Parménides
Parménides no era ningún tonto. Parménides
sabía que la costa de Campania
no era la orilla este del Egeo,
que no era Focea,
y que los ricos pozos de Calabria,
a pesar de Pitágoras,
eran cubos de basura comparados
con Mileto.
Mayor, sí, eso seguro.
La gran frontera, y las olas del Tirreno eran
extrañamente igual a Texas,
y el mero
tamaño de todo aquello pudo haberlo trastornado.
Parménides hablaba
y Parménides fue capaz de observar
que su voz se secaba bajo las rocas descomunales
y sus sueños eran pálidos
como la pirita, o más pálidos aún, como la ganga
molida y separada del metal jónico.
Treinta y tantos años, treinta líneas perdidas
en ejes de carretas, bisagras, caballos, velos
y muchachas del sol, y de pronto,
entonces,
Parménides
se murmuró a sí mismo, atrapó una idea limpia
con los dientes y la mordió, cantando:
...las cosas que
parecen ser,
aunque todas ellas
existan, de hecho
tienen que estar ahí
siempre. En todas
partes.
Y Parménides se acostó entre los pastos duros, entre
bosta de cabra, imaginando cosas y pensando
en todas ellas allí
en el entramado, su mente volando
y engullendo, probando toda la cascada:
sus lóbulos cerebrales bombeando como pulmones,
como un músculo,
sus nervios tronando tras los bastidores de los huesos
y todo el cargamento del corazón
cayendo sobre él:
diosas, muchachas, agua blanca, olivos,
huevas de tiburón, la bruma del mar,
el ojo migrante del lenguado
...tienen que estar
allí
siempre.
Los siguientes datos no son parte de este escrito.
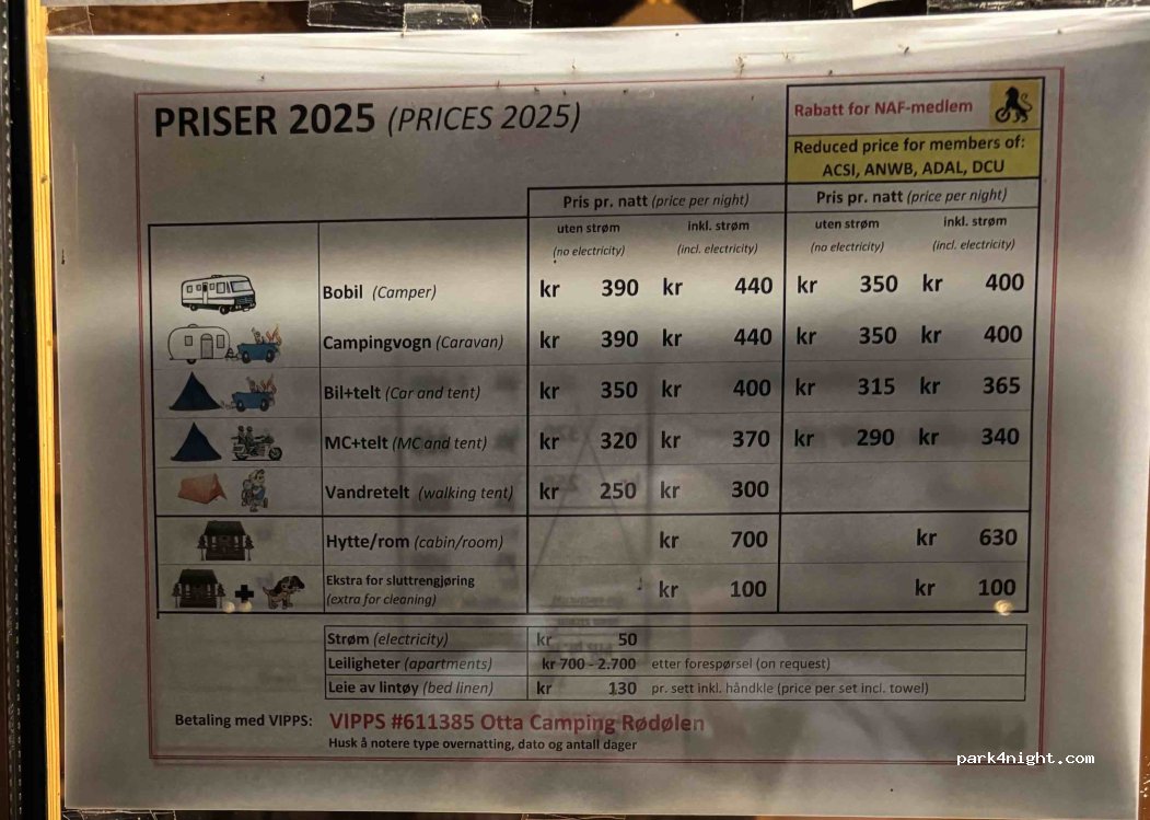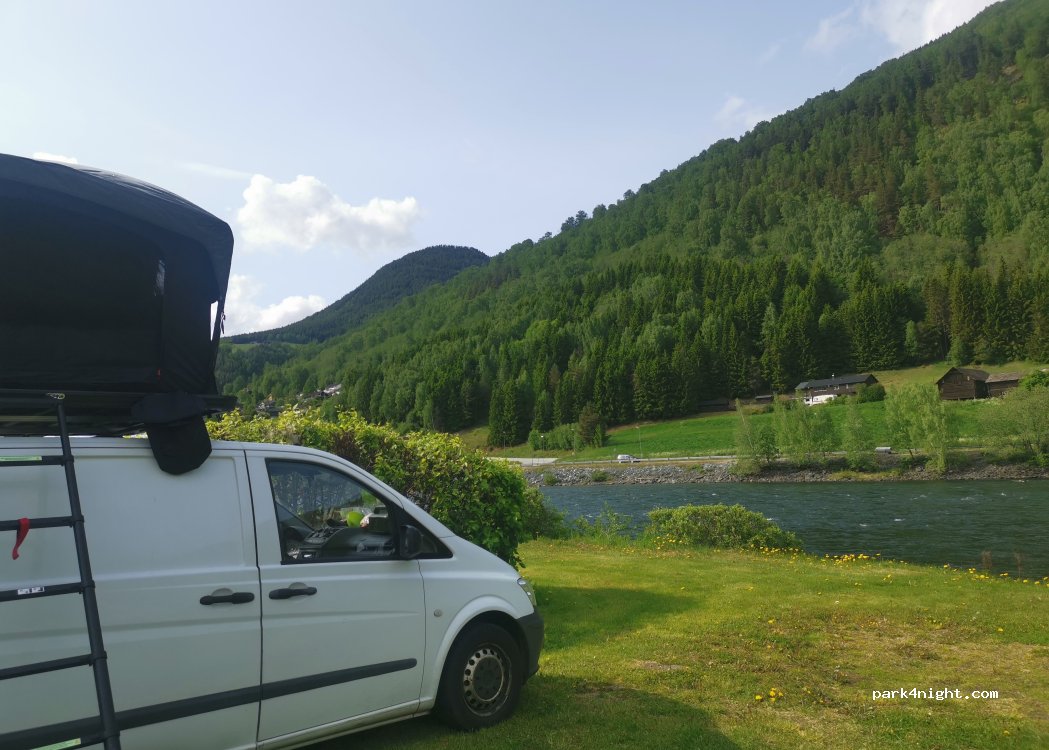 Dejlig plads lidt uden for Otta. Ligger ned til elven. Kan desværre ikke betale med kort, kun kontanter eller vipps. Man kan holde hvor man vil - der anbefales 4 m mellem vognene.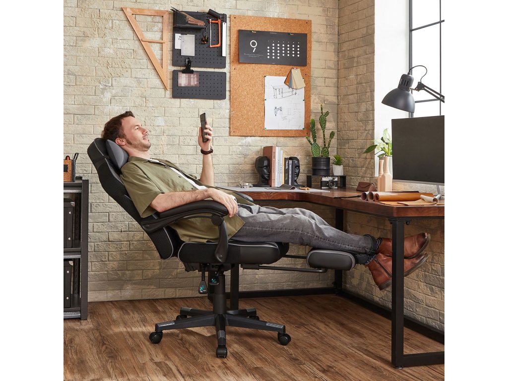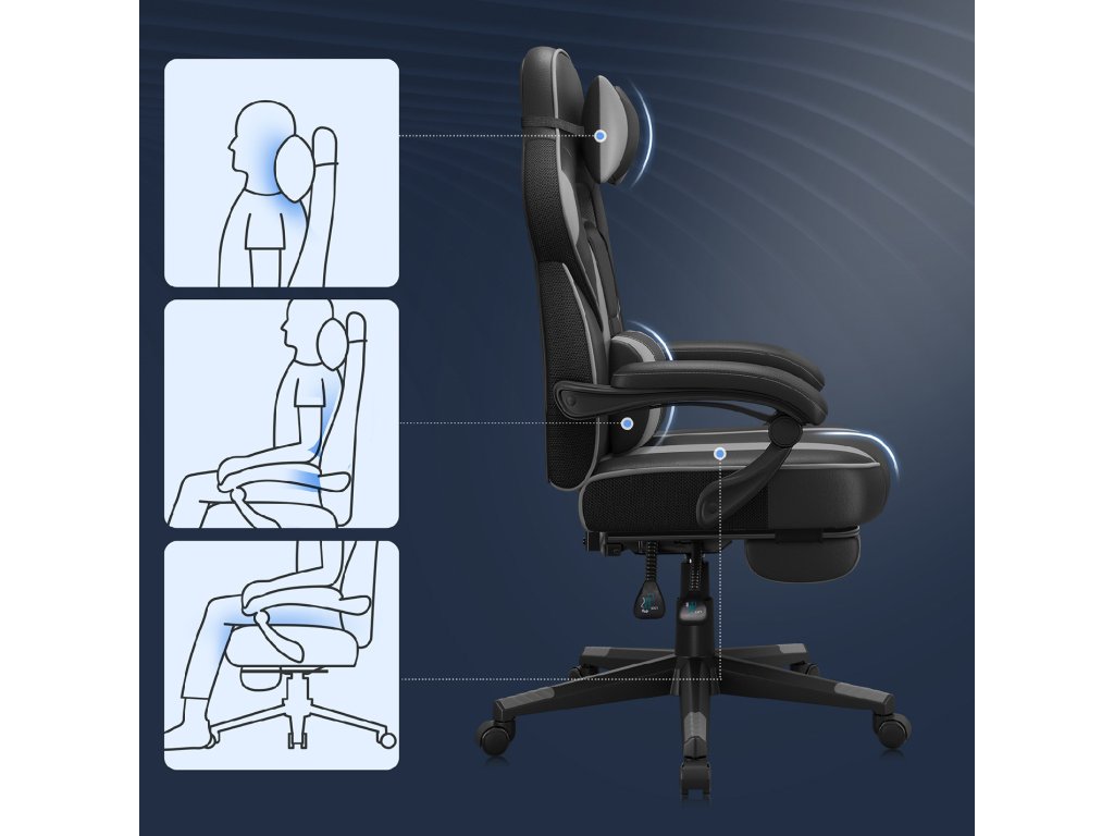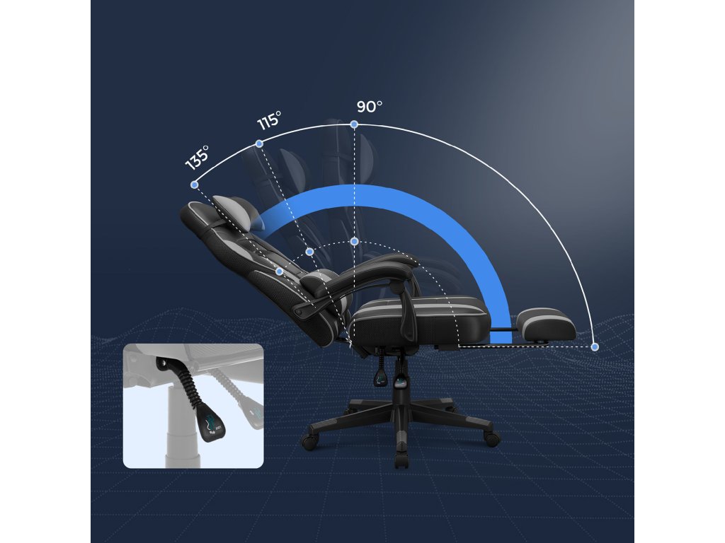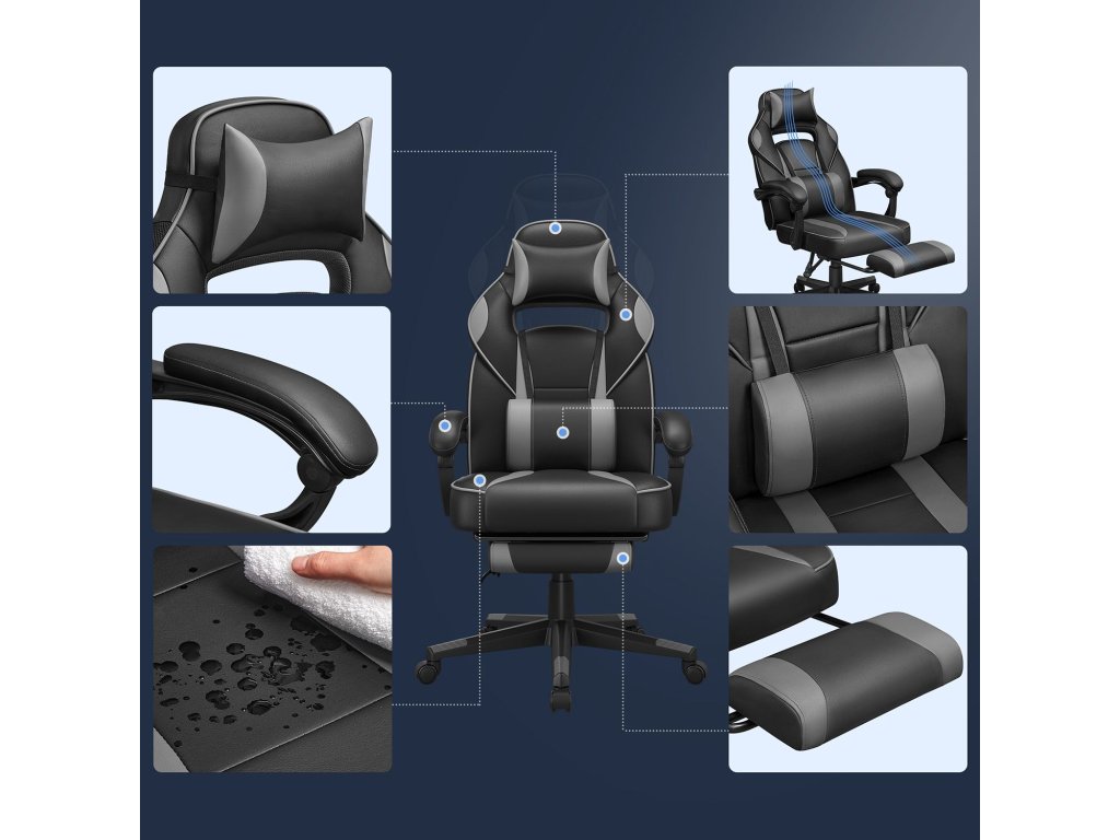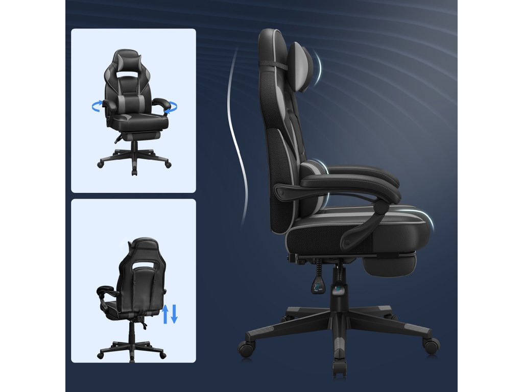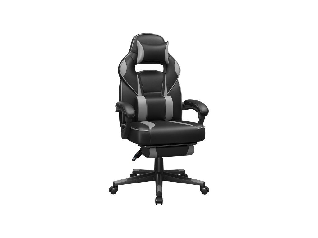 Herní kancelářská židle s podnožkou, opěrkou hlavy a bederním polštářem, výškově nastavitelná, ergonomická, úhel sklonu 90-135°, nosnost 150 kg, černá + šedá.

En todas
partes.
Y esa revelación
afligía y dejaba perplejo
a Parménides.
Sin embargo, emprendió la marcha hacia ella,
sofocado por el agotamiento, tragó saliva, y amontonó
en ella:
todo el conocimiento del embarque,
todas las cosas entremezclándose
finalmente, sólo
la infinita, completa,
indivisible quietud:
la cerradura
del cofre de la creación.
Parménides se dedicó entonces a las leyes
y escribió numerosos estatutos,
verdaderamente un gran número de estatutos
que, según cuenta Plutarco,
fueron cumplidos durante algunos años en Elea.
Una pequeña historia
“Y él habla del tiempo”, dijo Hipólito,
el necio persbítero,
de Anaximandro, sabio de
Mileto, muerto hacía ya nueve siglos.
Lo que de hecho Anaximandro dice es:
lo necesario es
que las cosas se
expandan dentro de aquello de donde
provienen, porque
entre ellas se pagan
mutuamente el castigo
y la compensación por
la mutua injusticia de
su
orden cronológico.
Anaximandro no habla del tiempo.
Deja el camino abierto para
el amor de Anaxímenes por el aire viviente
como un arcano de un azul más intenso.